犬と異世界召喚

霧ヶ峰さこ

犬と



 ひやりとつめたい鼻先が頬に当たり意識がぼんやりと浮上する。


 ……あとごふん。



 二度寝をしたくてふわふわの毛並みを撫でて時間を稼ぐ。

 馴染んだ温もりはご機嫌に手のひらに身体をすり寄せてきた。

 うん。

 撫でている間だけ大人しい。

 一瞬でも手を止めたら最後、このふわふわはわたしの顔を嘗めて早く起きろと催促をはじめるのだ。

 手を動かし続けなきゃいけないから二度寝が出来ずに結局目が覚めるっていう罠。


 飽きずに繰り返される、毎朝の決まりごと。


 犬はとても起こすのが上手い。布団に潜り込んで逃げても無駄だ。鼻を突っ込んで布団の中まで入ってくる。

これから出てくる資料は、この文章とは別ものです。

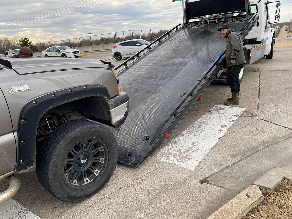 The tow truck finally arrived about 45 minutes later and slowly tugged the beached grey monster onto its silvery back. We signed some curious-looking papers and confirmed the final destination of the spent beast in Pryor, promised to pay them one of our collective kidneys, and WHOOSH! Off they went!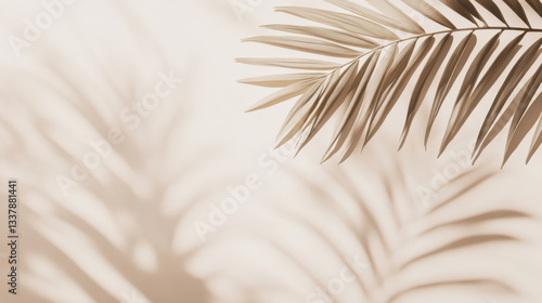 © KhaizanGraphic, Obraz premium Beige background with palm leaf and shadow.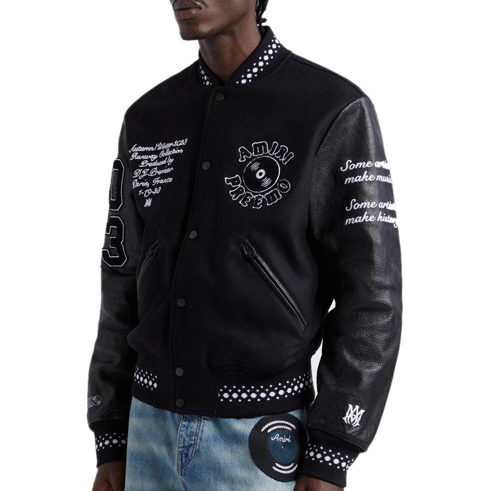 Celebrate music and style with this varsity jacket created in collaboration with iconic producer DJ Premier. Featuring gothic lettering and chenille record patches, it’s a tribute to timeless beats and bold design.
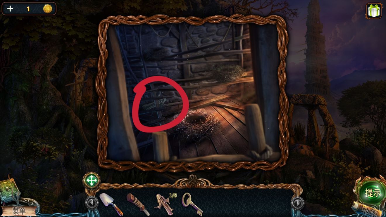 2.將梯子架上閣樓,拿刀柄,鳥巢裏有鑰匙,提示需要把鴿子引出來才能拿到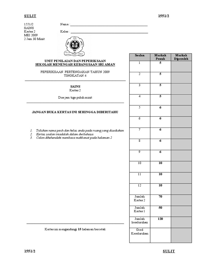 Kertas Soalan Sains Spm Kertas 2 An Tahun Tingkatan 4 Pdf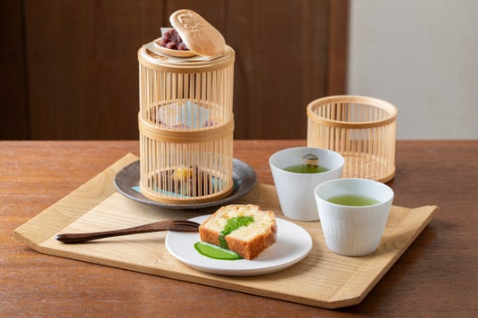 静岡市俵峰産の煎茶は、華やかな香りとゆっくり染み渡る上品な甘みが特徴で、駿河竹千筋細工の籠で美しく飾り付けた、老舗『大黒屋』の和菓子にぴったり。1杯ずつ丁寧に急須で淹れるお茶と共に、見た目も味も贅沢なひとときを。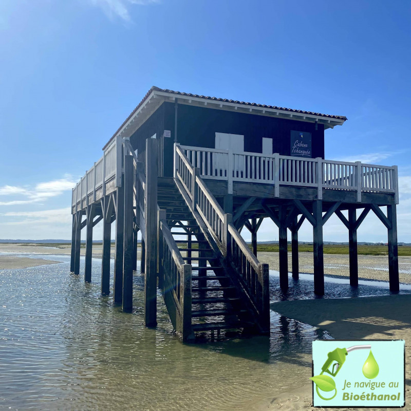 Une des premières cabanes tchanquées de l'île aux oiseaux fut construite en 1883 par l'ostréiculteur Martin Pibert pour surveiller ses parcs à huîtres. Une tempête la renversa en 1943, mais ses piliers en bois sont encore visibles à marée basse. En 1945, une autorisation fut donnée à un charpentier-menuisier d'Arcachon de construire une «habitation de plaisance» non loin de l'emplacement de celle qui venait d'être détruite, c'est une des cabanes que nous connaissons aujourd'hui. La seconde fut construite en 1948 par un entrepreneur en bâtiments, Julien Longau. Le Conservatoire du Littoral, à qui le site appartient, en a donné la totalité en gestion à la commune de La Teste-de-Buch, qui dispose d'une autorisation d'occupation temporaire sur une des cabanes tchanquées.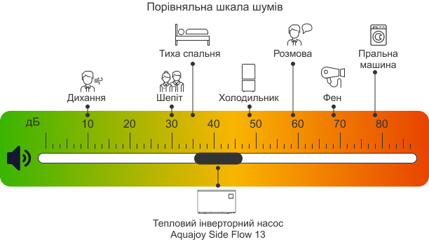 Теплові насоси Aquajoy Side Flow працюють тихо навіть за максимального навантаження завдяки безступінчастому інверторному компресору Mitsubishi. Така система забезпечує плавне регулювання тепловіддачі та стабільну підтримку заданої температури води без різких коливань.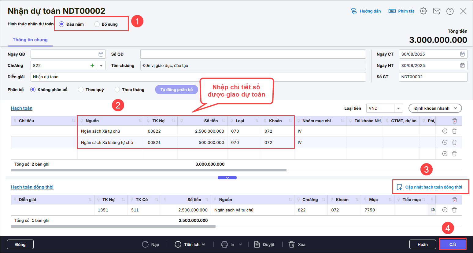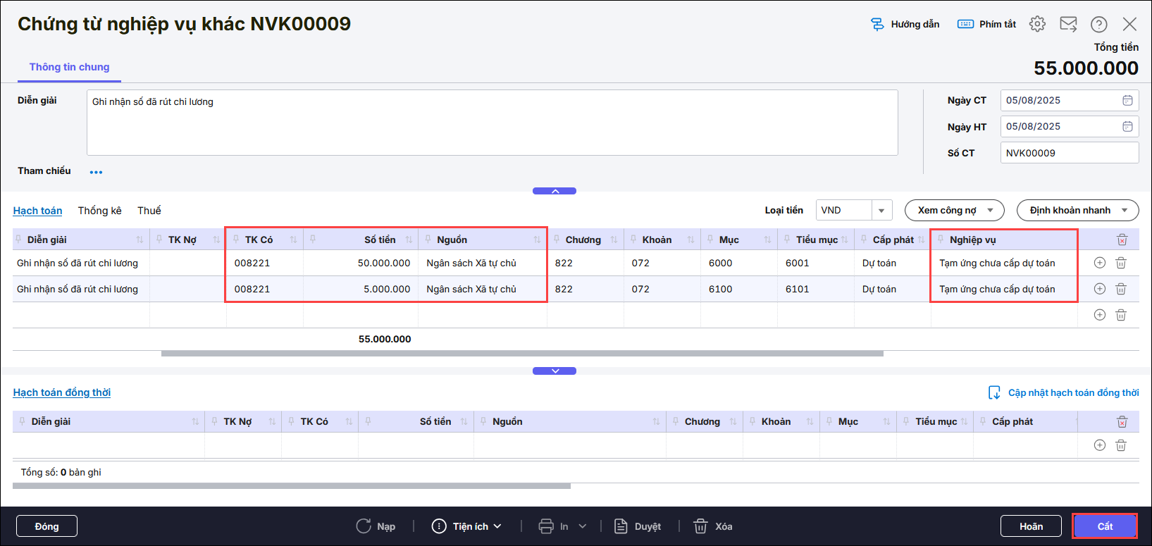 9. Nhấn Cất. Bước 2: Khi được giao dự toán chính thứcTrường hợp đơn vị được NSNN tạm cấp dự toán (trong thời gian chưa kịp giao dự toán chính thức), số tạm cấp dự toán chưa được hạch toán vào TK 008 (mà chỉ hạch toán vào TK trong bảng). Khi được giao dự toán chính thức, thực hiện như sau: 1. Lập chứng từ nhận dự toán để ghi nhận số dự toán chính thức được giao, xem chi tiết tại đây.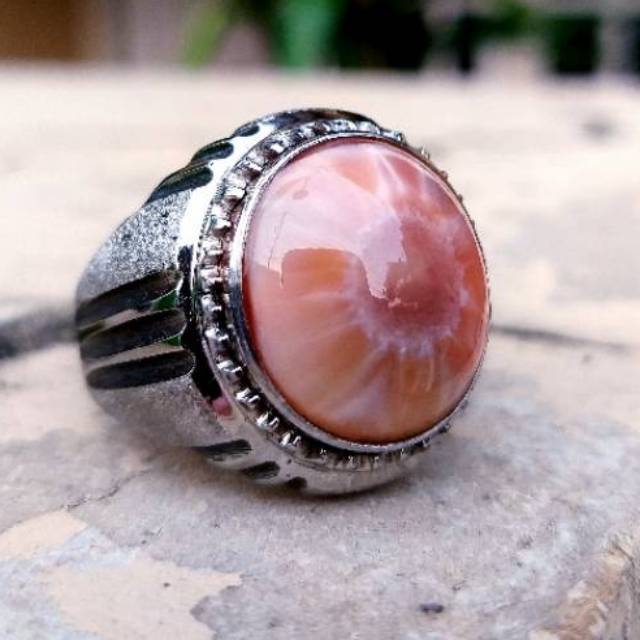 Cincin batu tumpang bulu hanoman super HQ natural thompsonite bukn giok bacan kecubung merah delima | Shopee Indonesia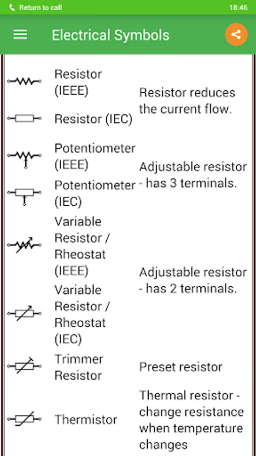 Electrical symbols are used to represent various electrical and electronic devices in a schematic diagram of an electrical or electronic circuit. Electrical student and learner can be known about all Electrical symbols with description using this apps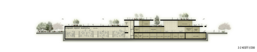 Bu meydanlarla birlikte tüm alanda tariflenen bir diğer ana karar ise; tüm meydanları birbirine bağlayan bir ana omurga tasarımı ile bu omurgayı dikine kesen, arazinin dışındaki park alanı ile kent sahnesini birleştiren bir diğer ulaşım önerisidir. Ana omurga üzerinde; konaklama ünitesi, kapalı spor salonu ve gençlik merkezi farklı kotlardan direk ulaşımla arazi kotlarına yerleştirilmiştir. Bununla birlikte; bölgenin genelinde ağır bir yapılaşma görmek yerine, yeşilin hakim olduğu, insanın ön planda bulunduğu bir sosyal alan tasarımı öngörülmüştür. Yeşil silueti bozmadan yapılar araziye yerleştirilmiş ve teras kullanımları ile maksimum fayda sağlanmıştır.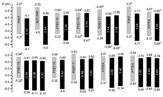 - Wadsworth, A.; Moser, M.; Marks, A.; Little, M.S.; Gasparini, N.; Brabec, C.J.; Baran, D.; McCulloch, I. Critical Review of The Molecular Design Progress in Non-Fullerene Electron Acceptors Towards Commercially Viable Organic Solar Cells. Chem. Soc. Rev. 2019, 48, 1596–1625. [Google Scholar] [CrossRef]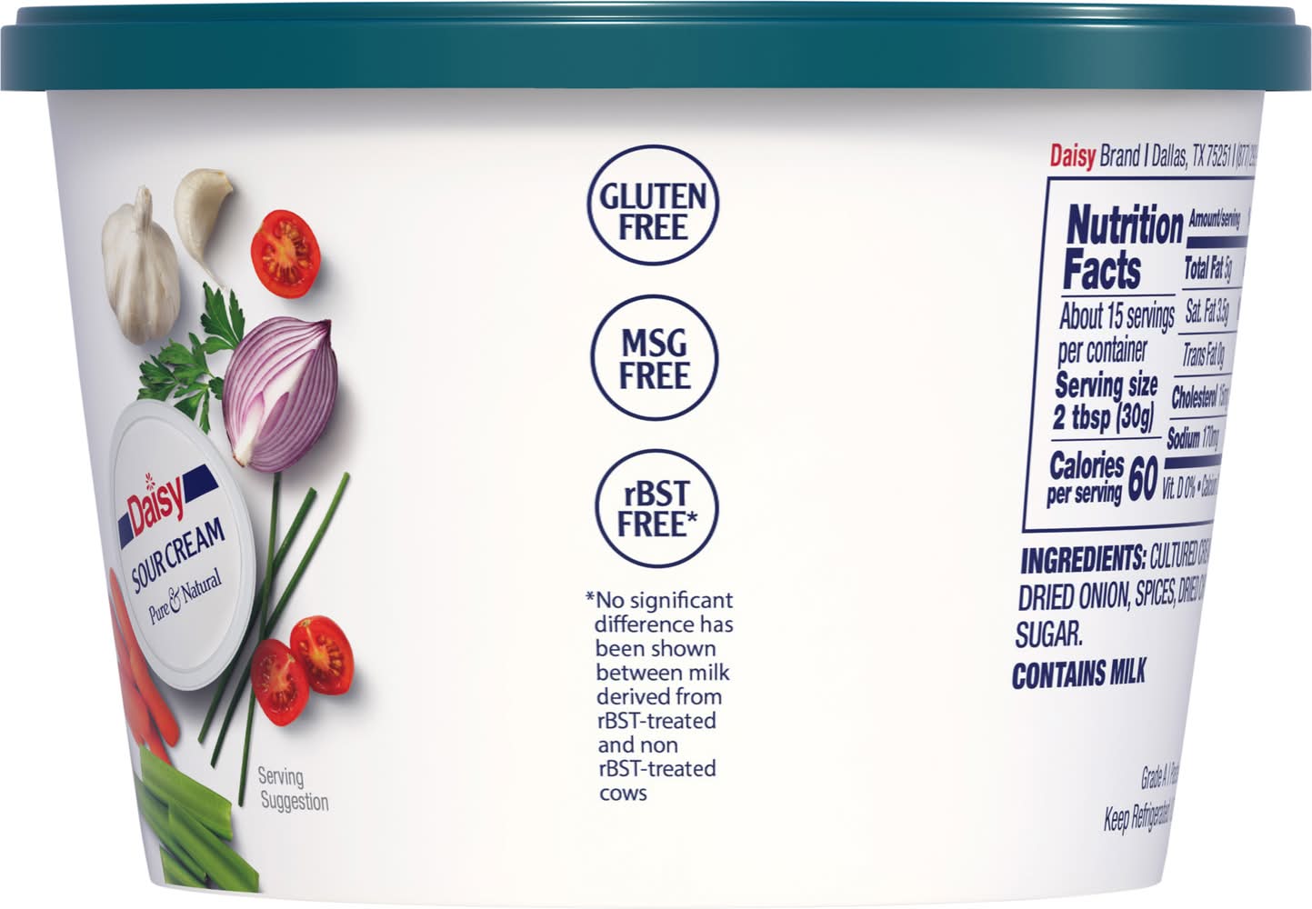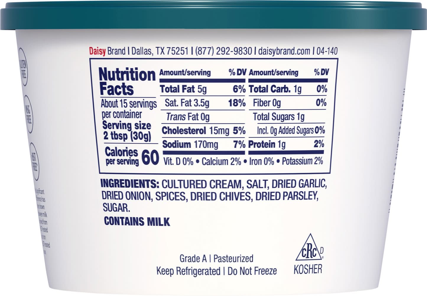 Ingredients: Cultured Cream, Salt, Dried Garlic, Dried Onion, Spices, Dried Chives, Dried Parsley, Sugar Contains: Milk

 ──ダックス犬って元々、もぐらだかうさぎの穴に潜って獲物を追う為に改良された狩猟犬だったか?

 だから足が短いとかなんとか。

 いや。もぐらは追わないか?

 寝起きのぼんやりした頭でつらつらと考えて、つい撫でる手を休めてた。ふたたび鼻が鼻に当てられる。冷たい。


 懐かしいなあ。


 この『絶対起こす』という、つよい意思。

 年を取って体力が衰えてからも、いかに効率良く人を起こすか技を磨いてた。

 つめたい鼻先攻撃をされて目が覚める。

 長い身体で枕を奪われて寝られない。

 朝の攻防はすべて惨敗。


 この子は亡くなった日の朝だって、


 体調悪かっただろうに、律儀に、いつものように起こしてくれて──もう随分前に、その習慣が失われてしまったことまで思い出して一気に覚醒する。


 ──え?

 身を起こすと、記憶より若く元気な白い犬ががばりとじゃれ付いてきた。

 思わず抱きしめる。


 え?

 どうして?


 ぶんぶんと尻尾を振って、全身で嬉しいと伝えてくる。

 撫でながら、

 馬鹿みたいに同じ疑問を頭の中で繰り返す。

 どうして?


 だって、死んだ筈だ。


 わたしも、この犬も。

 それなら──。

 導き出される結論はひとつしかない。


 ここが死後の世界か?

 死んだペットに逢えるという噂の虹の橋か?


 そんな……。

 理解した途端、心に沸き上がった感情は──歓喜だ。



 嬉しい。

 嬉しい。嬉しい。




 また、逢えた。



「うがああああああ!」


 急な叫び声にびっくりして涙が止まる。

 おろおろとしてる犬を安心させるように抱き上げる。目をこすって周囲を確認して、呆気にとられる。


 ……?


 ここ、虹の橋じゃなくね?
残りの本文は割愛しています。